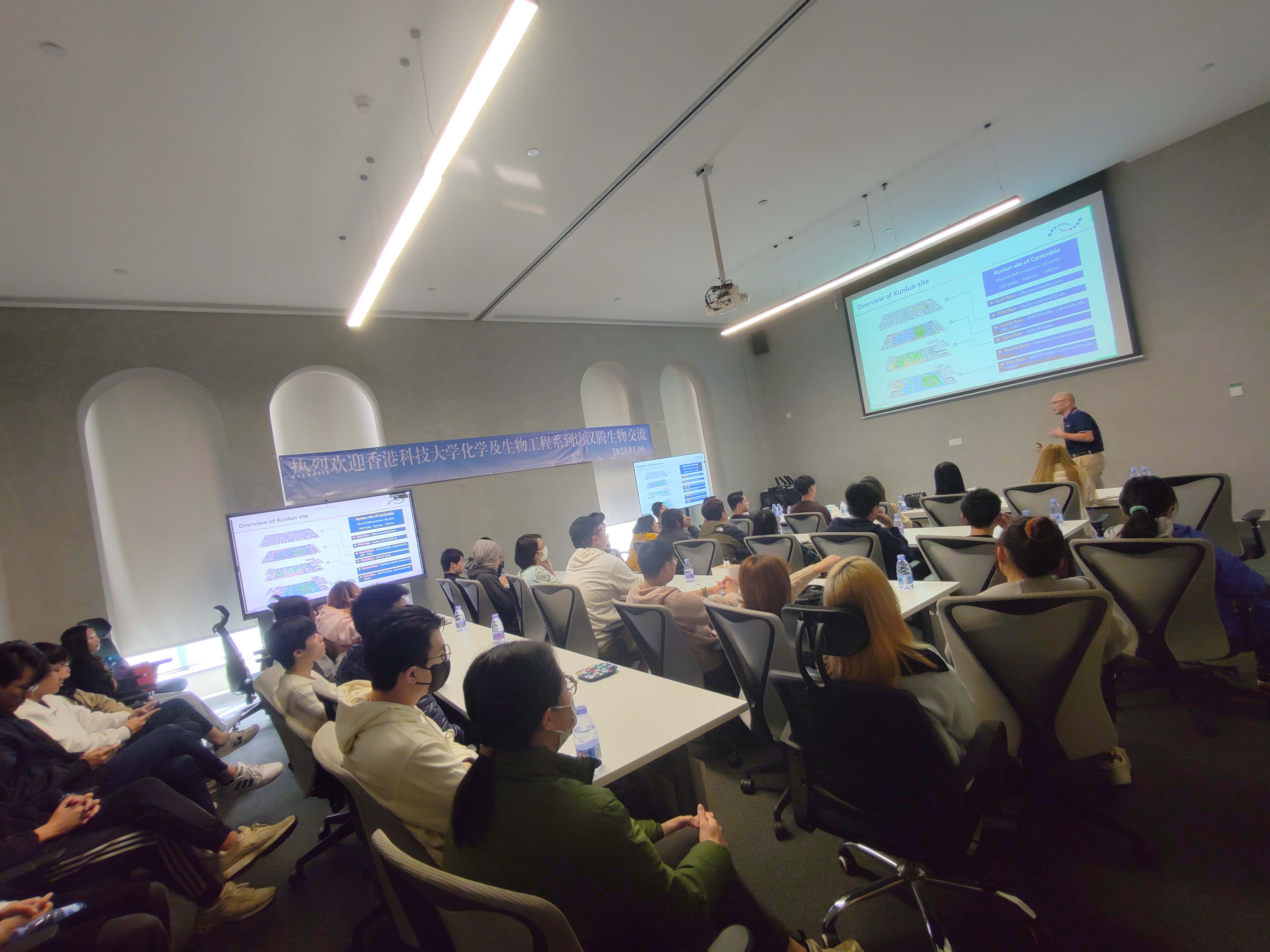 2024年1月5-6日,香港科技大學劉元帥教授帶領40多名來自化學與生物工程系的師生到訪漢騰生物(Canton Biologics), 副總裁張春華先生代表漢騰高管團隊熱情接待了來訪嘉賓并作歡迎致辭。這是繼2023年10月漢騰生物CEO沈瀟博士在香港科大舉行專題演講交流后,雙方的又一次深度的合作互動和探討。
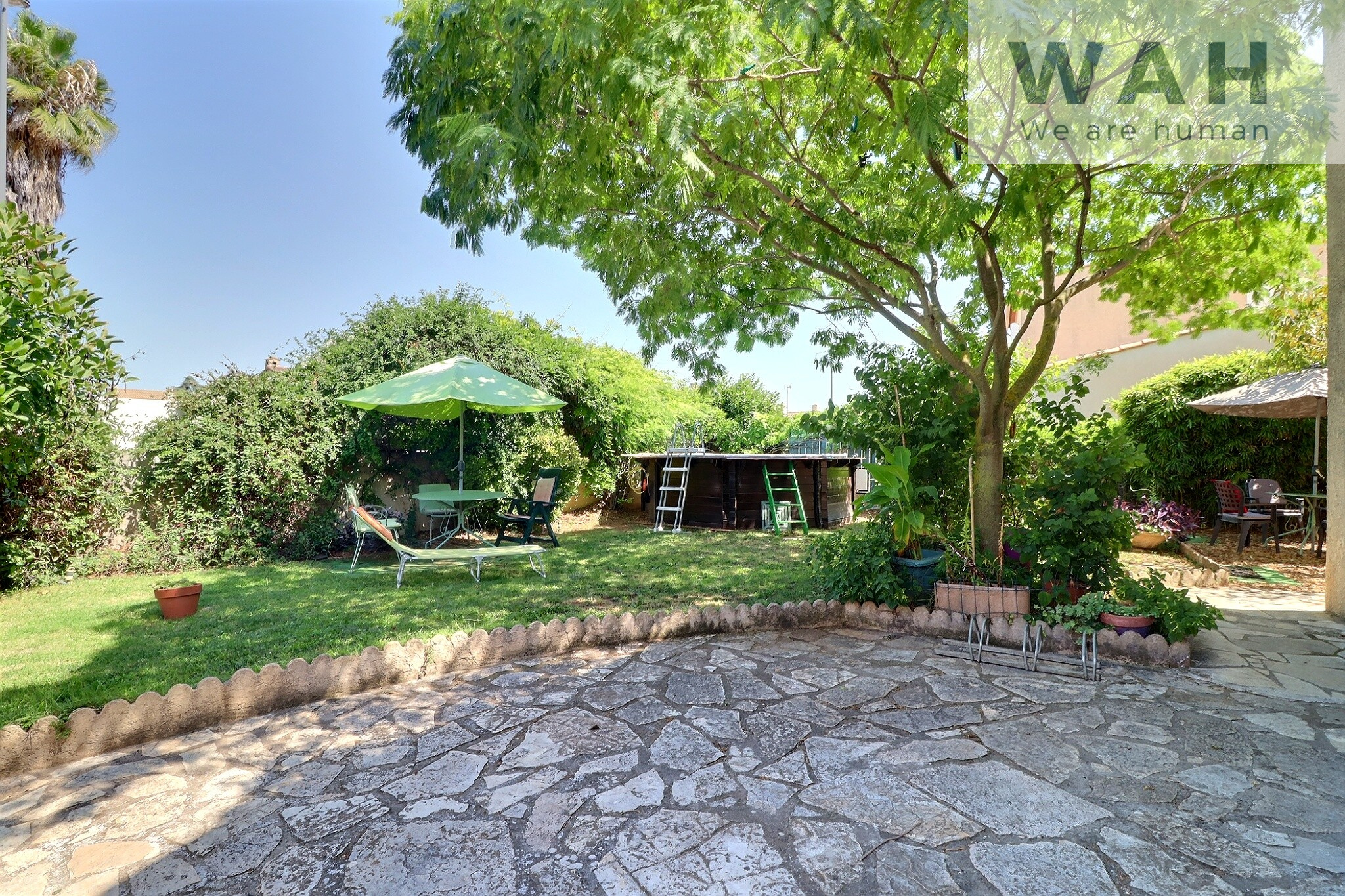 ... sur une parcelle arborée de plus de 600m2 avec forage, fleurs et arbres fruitiers.
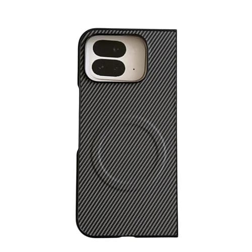 Funda Plegable Cuero y Fibra de Carbono para Google Pixel 9 Pro con Tapa Magsafe (Negra)
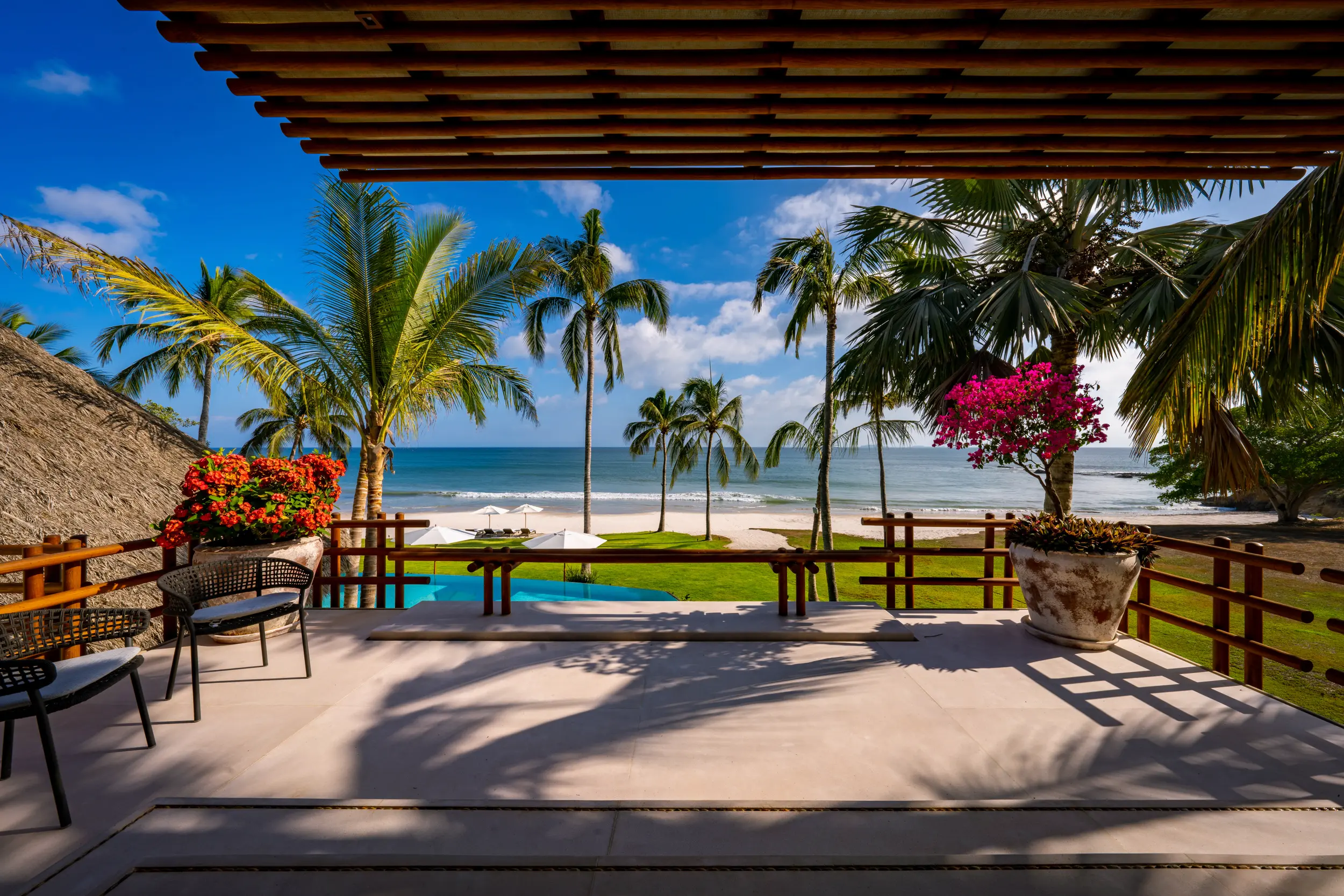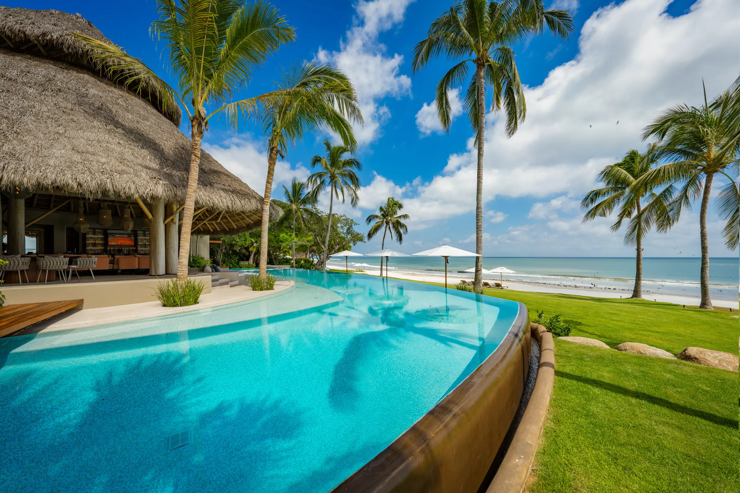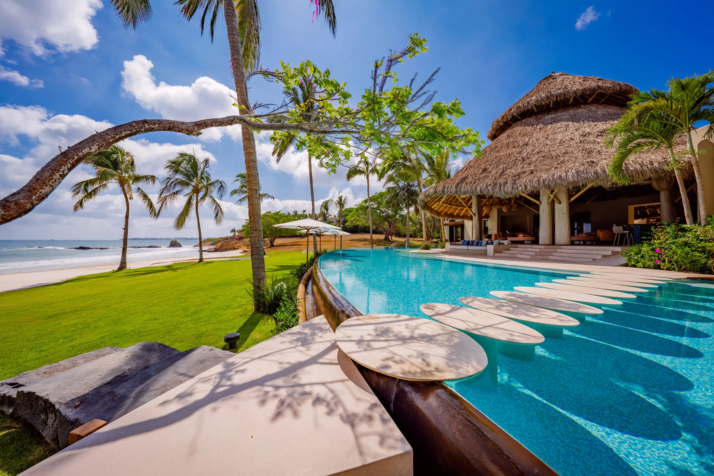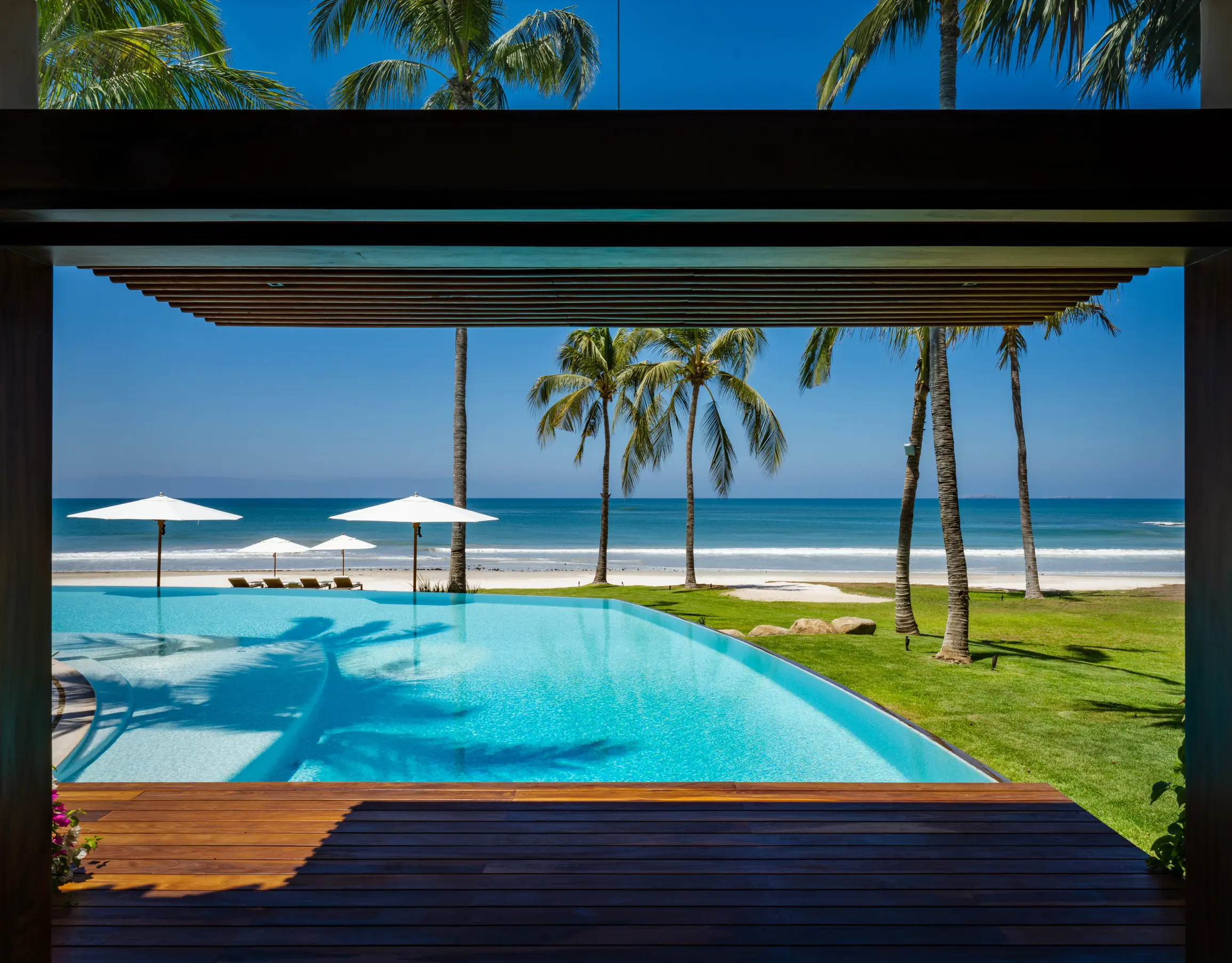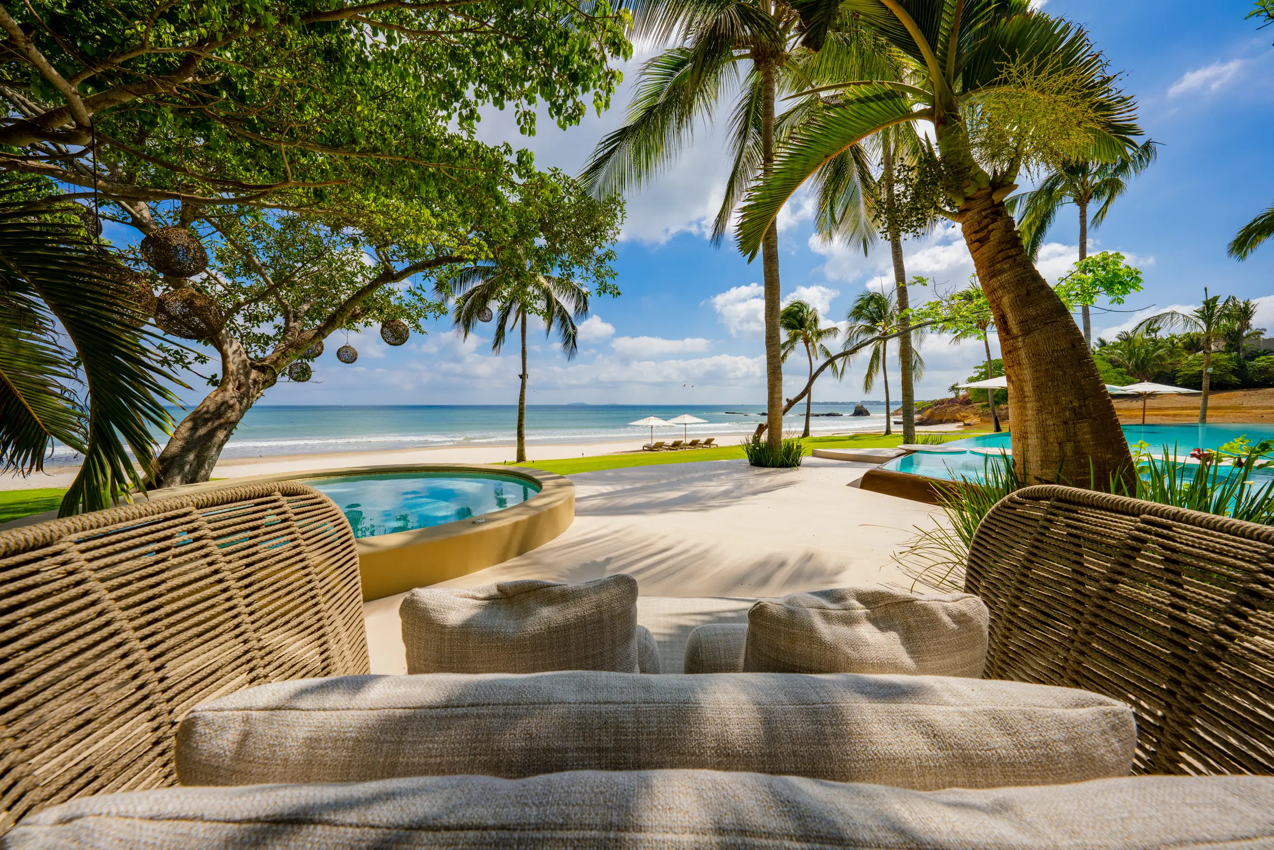 At the heart of the property, a massive heated infinity pool appears to spill directly into the ocean, flanked by an oversized hot tub that invites long, leisurely soaks under the sun or stars. Just beyond, direct access to one of Punta Mita’s finest swimmable white sand beaches places turquoise waters and soft surf mere steps from the villa, setting the stage for languid, sun-drenched days on the shore.

YOUR INSTRUCTIONS: Return every line above verbatim, pictures excluded.

SOLVED PROBLEM:
 2024年1月5-6日,香港科技大學劉元帥教授帶領40多名來自化學與生物工程系的師生到訪漢騰生物(Canton Biologics), 副總裁張春華先生代表漢騰高管團隊熱情接待了來訪嘉賓并作歡迎致辭。這是繼2023年10月漢騰生物CEO沈瀟博士在香港科大舉行專題演講交流后,雙方的又一次深度的合作互動和探討。
 ... sur une parcelle arborée de plus de 600m2 avec forage, fleurs et arbres fruitiers.
 Funda Plegable Cuero y Fibra de Carbono para Google Pixel 9 Pro con Tapa Magsafe (Negra)
 At the heart of the property, a massive heated infinity pool appears to spill directly into the ocean, flanked by an oversized hot tub that invites long, leisurely soaks under the sun or stars. Just beyond, direct access to one of Punta Mita’s finest swimmable white sand beaches places turquoise waters and soft surf mere steps from the villa, setting the stage for languid, sun-drenched days on the shore.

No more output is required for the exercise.